From the Continuous Integration CI server logs, I can see the incremental reporting on the console as expected:

build   14-Jul-2014 15:40:37    [INFO] [15:40:37.699] 
build   14-Jul-2014 15:40:37    
build   14-Jul-2014 15:40:37    -------------  Issues Report  -------------
build   14-Jul-2014 15:40:37    
build   14-Jul-2014 15:40:37            +3 issues
build   14-Jul-2014 15:40:37    
build   14-Jul-2014 15:40:37            +3 major
build   14-Jul-2014 15:40:37    
build   14-Jul-2014 15:40:37    -------------------------------------------
build   14-Jul-2014 15:40:37    
build   14-Jul-2014 15:40:37

When this is called from development machine for incremental analysis with the command: mvn org.codehaus.mojo:sonar-maven-plugin:2.3.1:sonar -Dsonar.profile=MyProfileName -Dsonar.branch=branchID -Dsonar.analysis.mode=incremental -Dsonar.host.url=http://mySonarHostName:9000 -Dsonar.issuesReport.html.enable=true -Dsonar.issuesReport.console.enable=true -Dsonar.dynamicAnalysis=reuseReports

I get an incremental report that has many more issues that would be expected for the modified code. Curiously, the number here is also greater than the total number of issues for the project as measured on the sonarQube server:

-------------  Issues Report  -------------

    +65058 issues

    +42709 major
     +2287 minor
    +20062 info

-------------------------------------------

Reference Links I have been consulting the following links as part of my investigation:

Three options for pre-commit analysis http://www.sonarqube.org/three-options-for-pre-commit-analysis/

Analysis vs. Preview vs. Incremental Preview in SonarQube http://www.sonarqube.org/analysis-vs-preview-vs-incremental-preview-in-sonarqube/

Issues Report Plugin http://docs.sonarqube.org/display/SONAR/Issues+Report+Plugin

CodeHaus Sonar Maven Plugin http://mojo.codehaus.org/sonar-maven-plugin/plugin-info.html

Update (2014/07/16) Noticed this thread [http://sonarqube.15.x6.nabble.com/Incremental-run-mode-td5024228.html]. This explains that the incremental is working off a hash of the file to determine which files to analyze.

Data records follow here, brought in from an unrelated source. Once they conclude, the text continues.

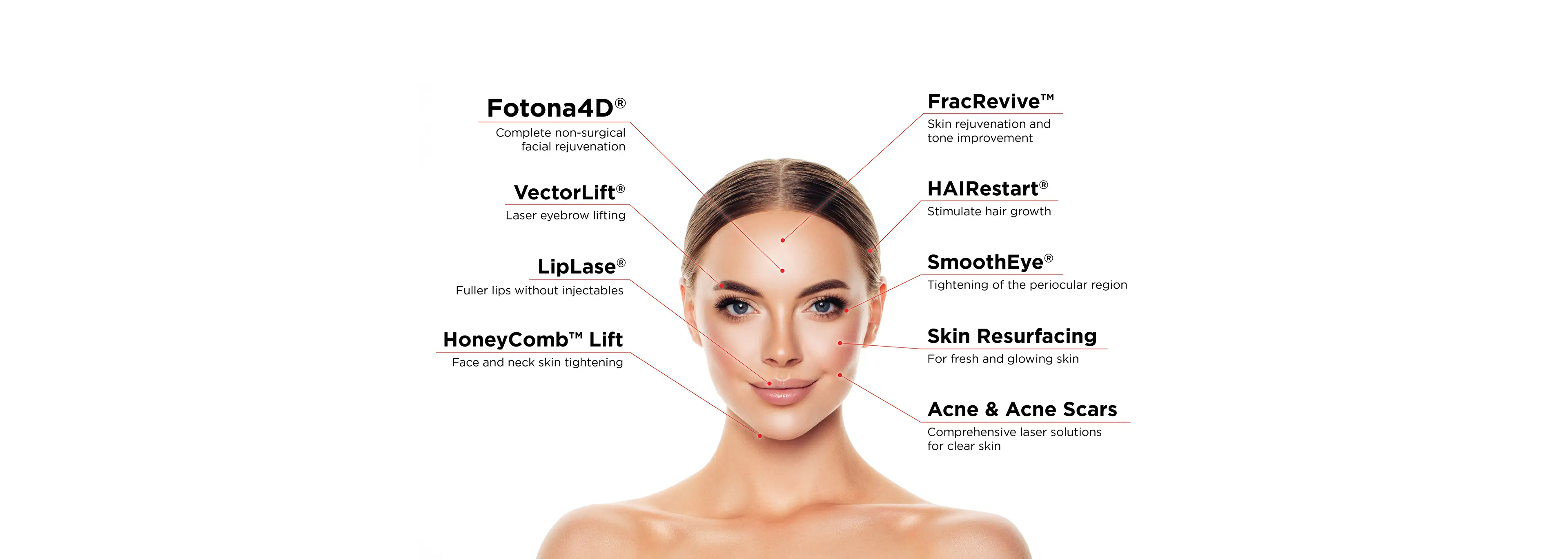 Innovative solutions are available for a wide range of aesthetic treatments, including skin resurfacing & rejuvenation, veins and vascular lesions, pigmented lesions & tattoo removal, permanent hair reduction, and much more.
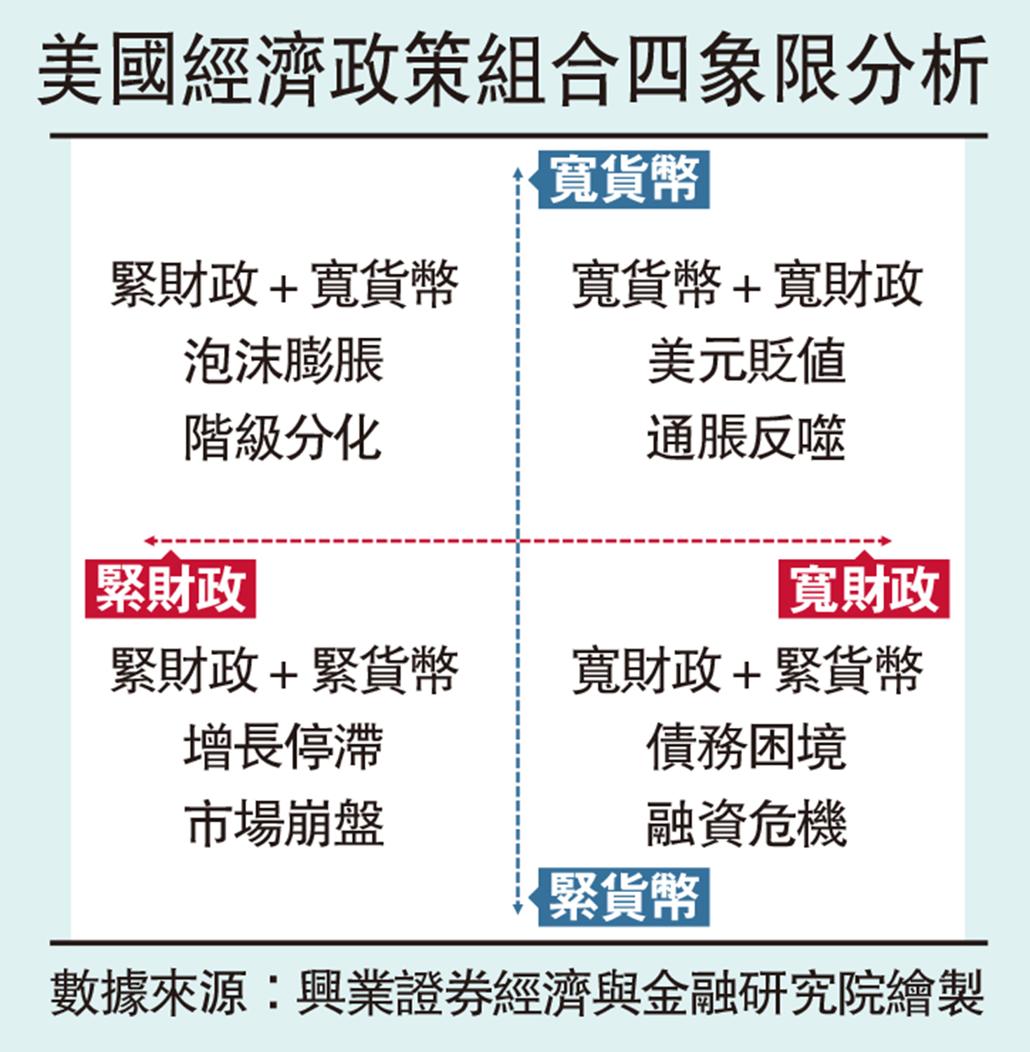 若實施「寬財政+寬貨幣」,則面臨通脹上升和美元貶值的壓力。雖然契合特朗普政府短期刺激經濟與就業的政策傾向,但在當前財政與貨幣環境已處寬鬆周期的背景下,持續實施「雙寬」政策將加劇中長期通脹壓力,並對美元信用與國際儲備貨幣地位構成持續性挑戰。
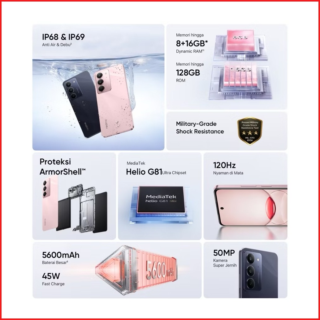 Realme C75x 8gb 16gb 128gb Ip68 69 Anti Debu Air Baterai 5600mah 45w Fast Charge

The project I am working on has generated code which sonar has not been told to ignore. I am postulating that this is causing additional churn (in addition to be just a bad idea to scan the machine-generated code). To explore this theory, I am adding -Dsonar.exclusions=com/generatedpackage/**/*.java to the command.

Update (2014/07/17)

By specifying the generated sources in the sonar.exclusions, the number of violations detected for "incremental" analysis was reduced. Once these were all account for, the number of issues/violations came into alignment with the number of issues I introduced to verify the process locally. To simplify the maintenance of this, I then simplify suppressed the metrics for all generated files using the following pattern: file:**/generated*/**

For uniformity, I was able to specify this within the root POM of the project under analysis.

<sonar.exclusions>file:**/generated*/**</sonar.exclusions>

As cited above, the sonar Qube forum thread explained that incremental analysis will only analyze files whose hash does not match the hashed files on the sonar Qube server.

Solution

  • The key to using this successfully was two-fold: 1) Ensure the Issues Report plugin is installed on the sonarQube server 2) Specify the sonar.exclusion to ensure that generated sources are excluded

    With this in hand and a "sonar" profile, the user needs to only add this "sonar" profile and the sonar:sonar goal to the maven command

    This changes:

    mvn clean install -P myProfile

    To:

    mvn clean install sonar:sonar -P myProfile,sonar

    The maven profile could bind the sonar goal to the verify phase so as to omit the need to specify the goal when profile is added. I elected to not bind the plugin to afford slightly more flexibility.

    This was sufficient to enable users to verify the incremental code.